• _Work task_: Pictures are not part of the answer. Return the lines from the one containing "Barend Cornelis Koekkoek" through the end of the data, both included, exactly as they appear.

Dataset records below:

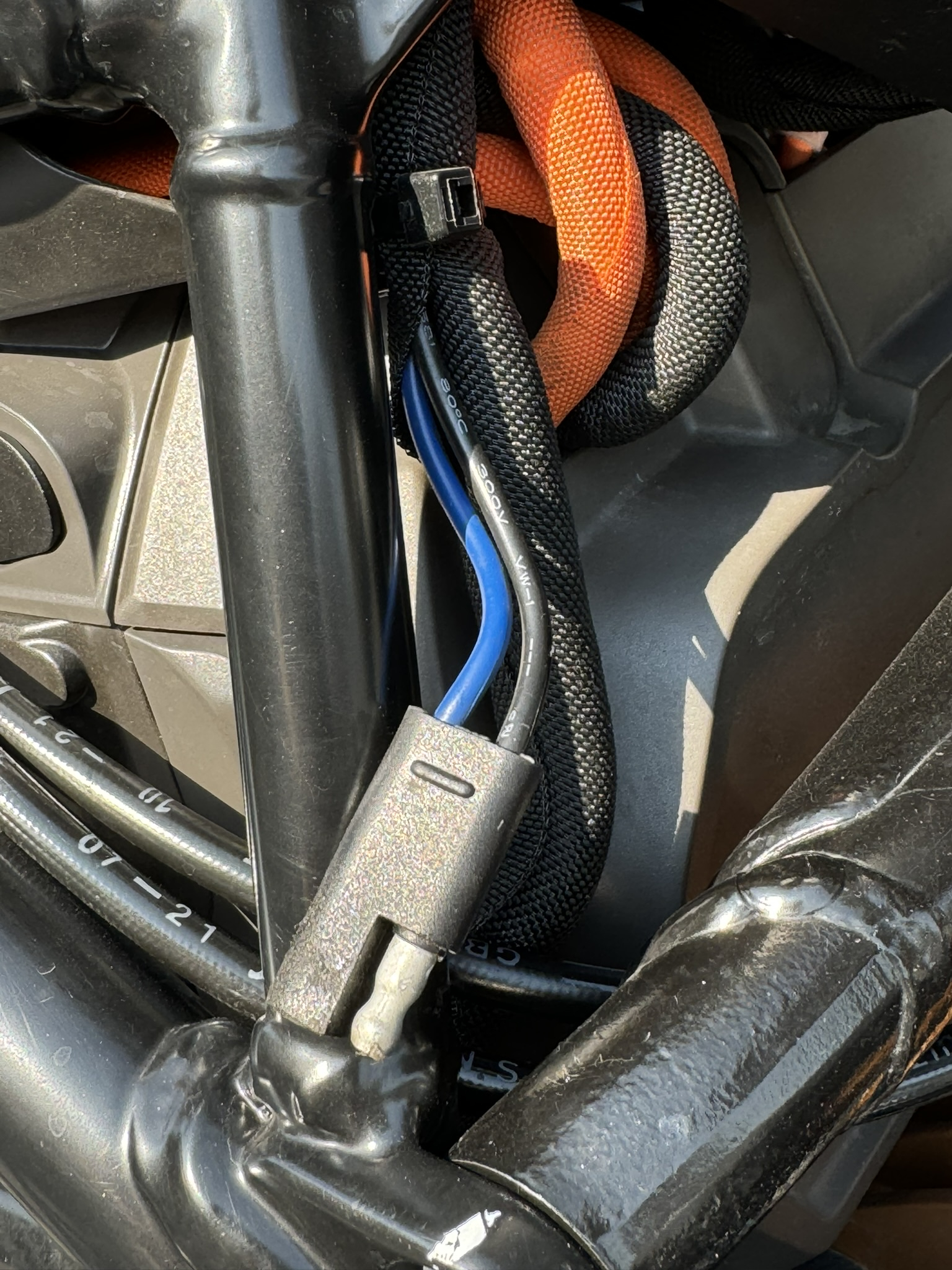 Das ist ein SAE-Stecker mit 12V für Accessoires, der Strom führt, wenn das Moped eingeschaltet ist. Erwähnt wird er auf Seite 6.36 Deiner Bedienungsanleitung. Frag doch mal den Händler, ob da eine Schutzkappe drauf gehört.
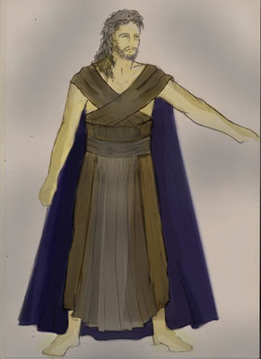Jésus est Le rebelle, seul et unique, il sera pauvrement vêtu de voilages, le corps gravé de tatouages. Cheveux longs et barbe rase, puis totalement glabre, il inspirera comme à l’époque, à la fois la crainte, la curiosité, et l’amour. Il recevra une cape (rouge différent de celle de Pilate) pour son supplice 3.
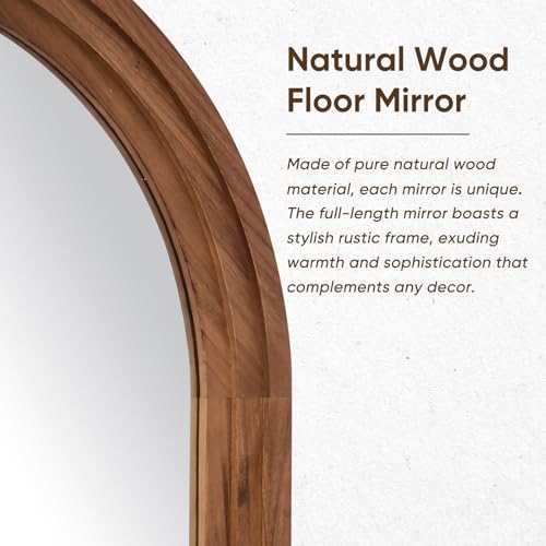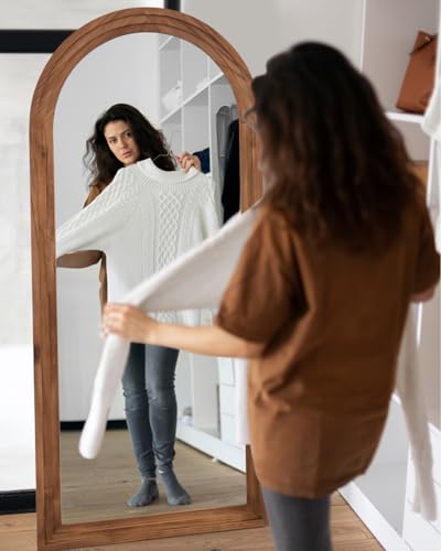 Coomily Full Length Mirror, 76"×34" Wooden Mirror Full Length with Stand Wood Floor Mirror, Oversized Stand Up Mirrors Large Wall Mirrors, Wall Mounted Mirrors, Arched Vintage Style, Browm
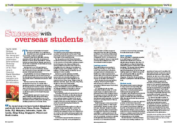 Our globalisation success is underpinned by our operational experience over the past 25 years in the international market where we now have 56 per cent market share of international students in TAFE NSW.
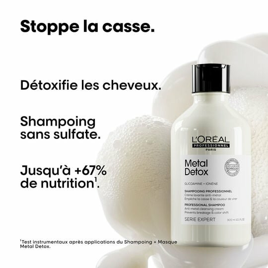 Le rituel Metal Detox abîme-t-il les cheveux ? Non, il agit en douceur tout en renforçant la fibre capillaire.
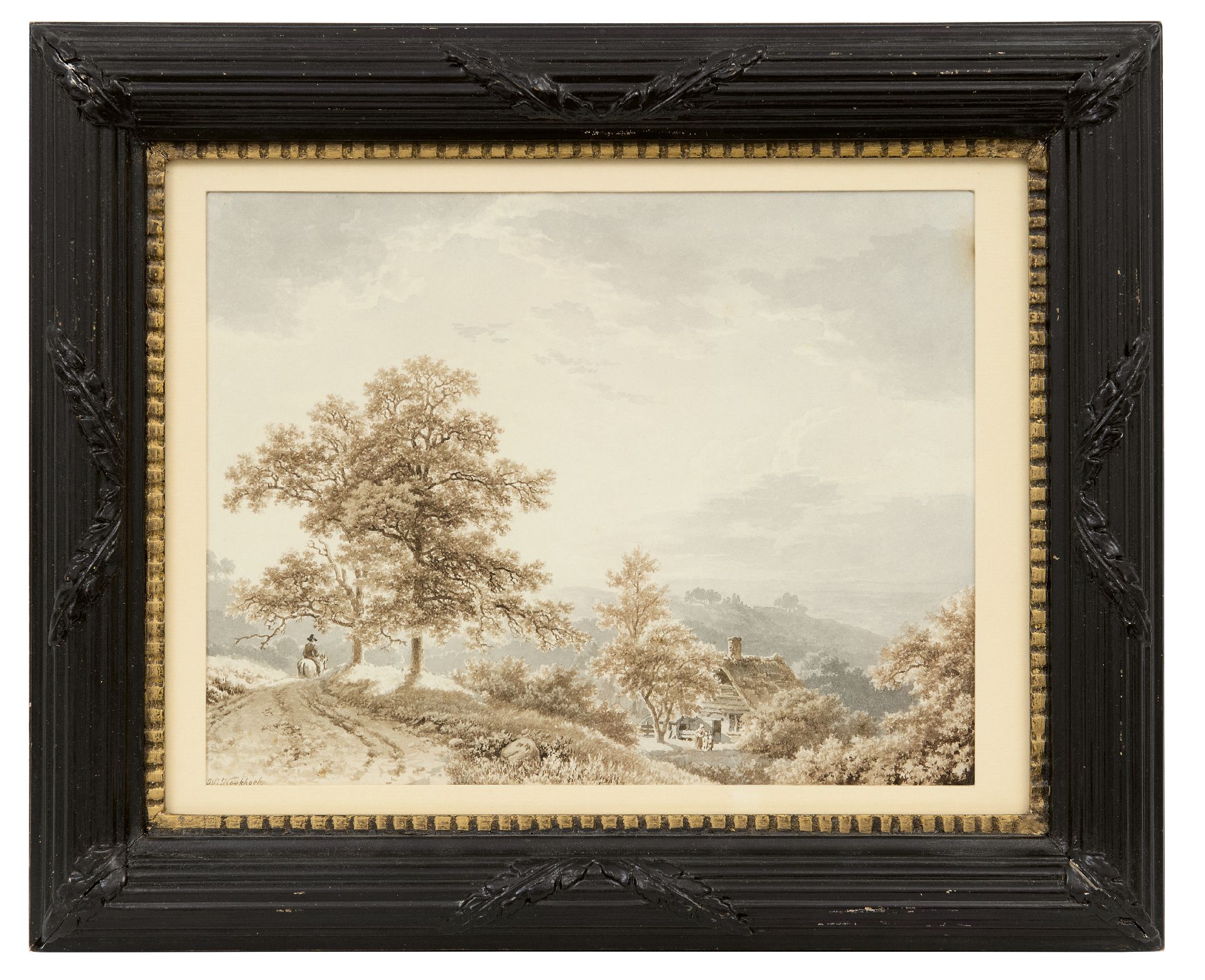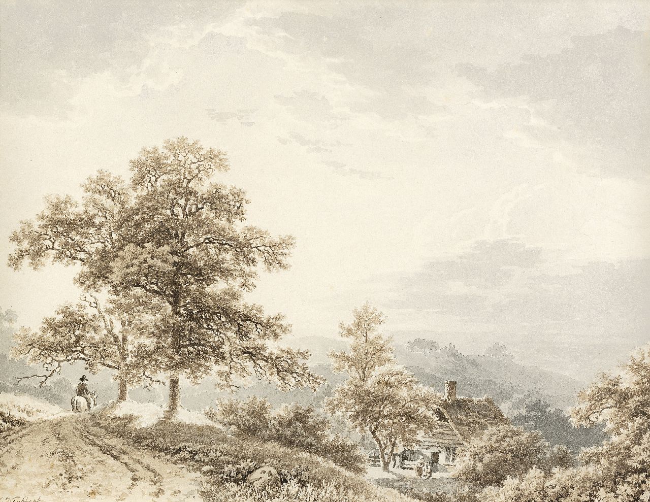 Barend Cornelis Koekkoek Kunstwerk • Aquarell • Zeichnung • zuvor zu verkaufen Reisender Reiter in Hügellandschaft
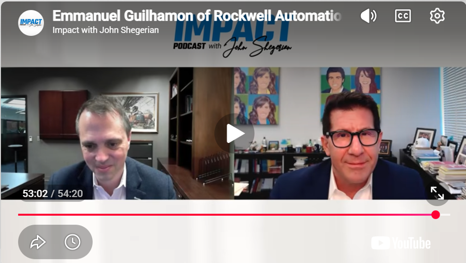 Emmanuel Guilhamon, vice president, Sustainability, Rockwell Automation is a featured guest this week on the Impact Podcast with John Shegerian. The podcast has featured over 2,000 guests who all share in common a passion for making our world a better place on a daily basis.

End of Dataset records.

• _Result for this exercise_:
 Barend Cornelis Koekkoek Kunstwerk • Aquarell • Zeichnung • zuvor zu verkaufen Reisender Reiter in Hügellandschaft
 Emmanuel Guilhamon, vice president, Sustainability, Rockwell Automation is a featured guest this week on the Impact Podcast with John Shegerian. The podcast has featured over 2,000 guests who all share in common a passion for making our world a better place on a daily basis.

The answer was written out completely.